**Dataset excerpt**

------------------------------------

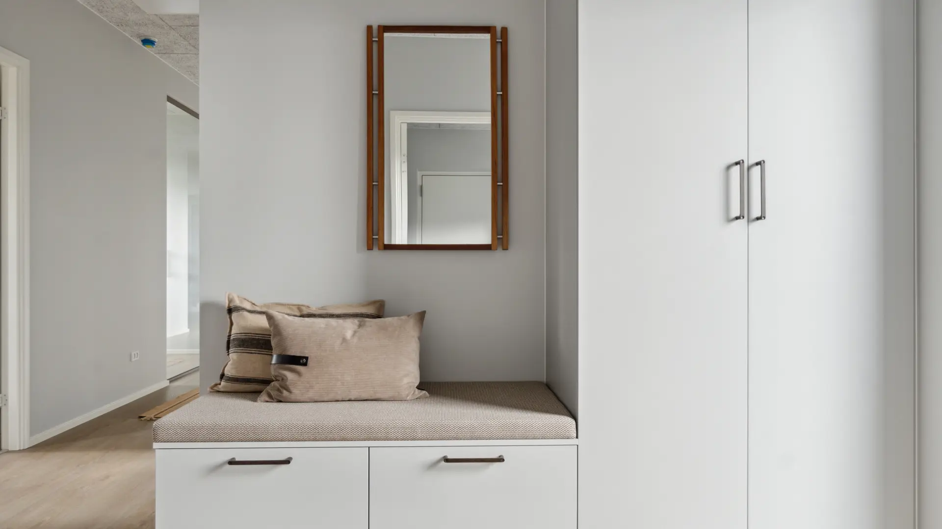 Opbevaring og siddeplads i entré
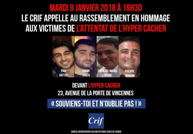 Le Crif appelle à un rassemblement mardi 9 janvier 2018, à 19h30 devant l'Hyper Cacher - 23, avenue de la Porte de Vincennes, à Paris.
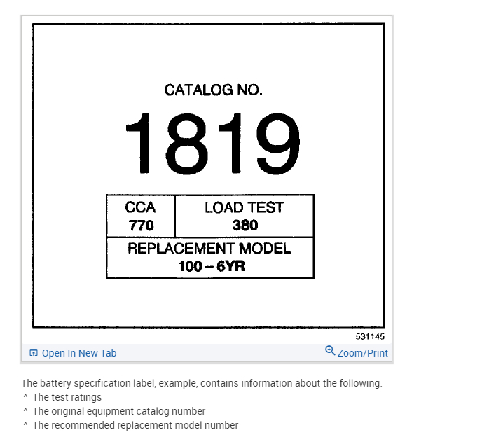 Looks like this is a group 78 battery and the factory rating is 770 cold cranking amps. You can go larger with the CCA but I would try to go smaller unless you live a warm climate year round.

------------------------------------

**Work instruction**
Every line of the data above is to be set down word for word, with the pictures left out.

**Finished exercise**
 Opbevaring og siddeplads i entré
 Le Crif appelle à un rassemblement mardi 9 janvier 2018, à 19h30 devant l'Hyper Cacher - 23, avenue de la Porte de Vincennes, à Paris.
 Looks like this is a group 78 battery and the factory rating is 770 cold cranking amps. You can go larger with the CCA but I would try to go smaller unless you live a warm climate year round.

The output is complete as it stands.